On some non-linear projections of self-similar sets in $\mathbb{R}^3$

TL;DR

This paper investigates the behavior of orthogonal transformation-free self-similar sets in three-dimensional space under non-linear projections, showing that certain projections and distance sets have maximal dimension under specific conditions.

Contribution

It demonstrates that projections of these self-similar sets onto the real line have dimension 1 when the set's dimension exceeds 1, and explores the dimension of their distance sets and algebraic products.

Findings

Projections of self-similar sets with dimension > 1 have dimension 1.

Distance sets of such sets have dimension 1.

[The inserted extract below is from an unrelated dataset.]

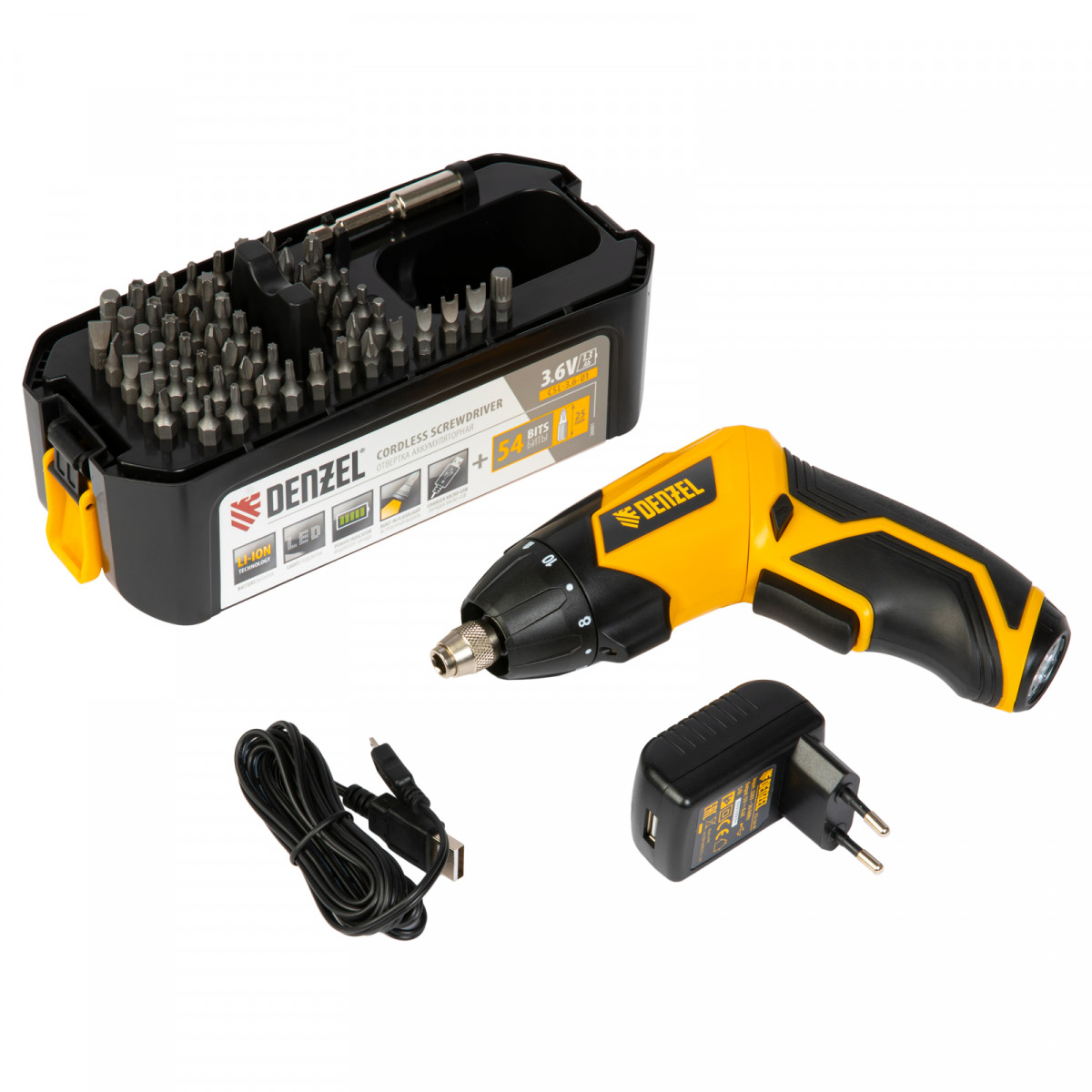 Отвертка аккумуляторная CSL-3.6-01, Li-Ion, 3.6 В, 1.3 А*ч, 200 об/мин, с аксессуарами Denzel
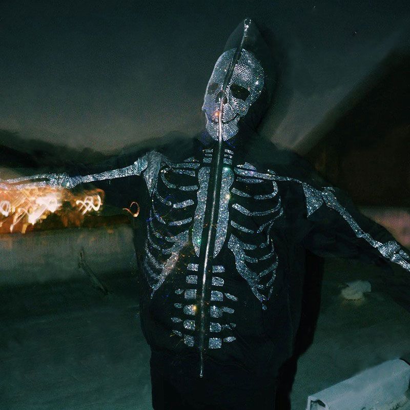 Skull Iron diamond fashion casual loose coat Halloween hoodie

Third algebraic product of the set has dimension 1 if the set's dimension ≥ 1/3.

Abstract

In the last years considerable attention has been paid for the orthogonal and non-linear projections of self-similar sets. In this paper we consider orthogonal transformation-free self-similar sets in $\mathbb{R}^3$, i.e. the generating IFS has the form $\left\{ \lambda_i \underline{x} + \underline{t}_i \right\}_{i=1}^q$. We show that if the dimension of the set is strictly bigger than $1$ then the projection of the set under some non-linear functions onto the real line has dimension $1$. As an application, we show that the distance set of such self-similar sets has dimension $1$. Moreover, the third algebraic product of a self-similar set with itself on the real line has dimension $1$ if its dimension is at least $1/3$.